Under the terms of our agreement with Syndax, we received exclusive commercialization rights to axatilimab outside of the United States, and share commercialization rights in the United States. We are responsible for leading the commercialization strategy and booking all revenue from sales of axatilimab globally. Incyte and Syndax will share equally the profits and losses from the co-commercialization efforts in the United States. Sales of axatilimab outside the United States will be subject to our royalty payment obligations to Syndax, as set forth below. We and Syndax have agreed to co-develop axatilimab and to share development costs associated with global and U.S.-specific clinical trials, with Incyte responsible for 55% of such costs and Syndax responsible for 45% of such costs. Each company is responsible for funding any independent development activities. All development costs related to the collaboration are subject to a joint development plan.
In December 2021, we paid Syndax an upfront, non-refundable payment of $117.0 million, which was recorded in research and development expense on the consolidated statement of operations for the year ended December 31, 2021. Syndax is eligible to receive up to $220.0 million in future contingent development and regulatory milestones and up to $230.0 million in sales milestones as well as tiered royalties ranging in the mid-teens on net sales in Europe and Japan and low double digit percentage on net sales in the rest of the world outside of the United States. Syndax’s right to receive royalties in any particular country will expire upon the last to occur of (a) the expiration of patent rights in that particular country, (b) a specified period of time after the first post-marketing authorization sale of a licensed product comprising axatilimab in that country, and (c) the expiration of any regulatory exclusivity for that licensed product in that country.

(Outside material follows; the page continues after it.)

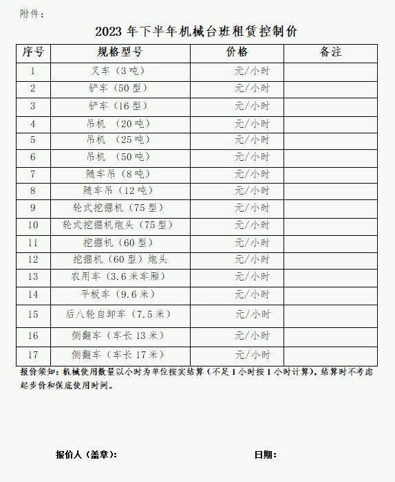 莆田城市園林發(fā)展集團有限公司關(guān)于2023年下半年機械臺班租賃控制價征集公告

As of September 30, 2023, we held an investment of approximately 1.4 million shares of Syndax common stock. The fair market value of our long term investment in Syndax as of September 30, 2023 and December 31, 2022 was $20.6 million and $36.2 million. For the three and nine months ended September 30, 2023, we recorded an unrealized loss of $9.2 million and $15.6 million, respectively, based on the change in fair value of Syndax’s common stock during the respective periods. For the three and nine months ended September 30, 2022, we recorded an unrealized gain of $6.8 million and $3.1 million, respectively, based on the change in fair value of Syndax’s common stock during the respective periods.
Research and development expenses for the three and nine months ended September 30, 2023, includes $5.1 million and $16.9 million, respectively, related to our 55% share of the co-development costs for axatilimab. At September 30, 2023, $7.3 million was included in accrued and other liabilities on the condensed consolidated balance sheet for amounts due to Syndax under the agreement.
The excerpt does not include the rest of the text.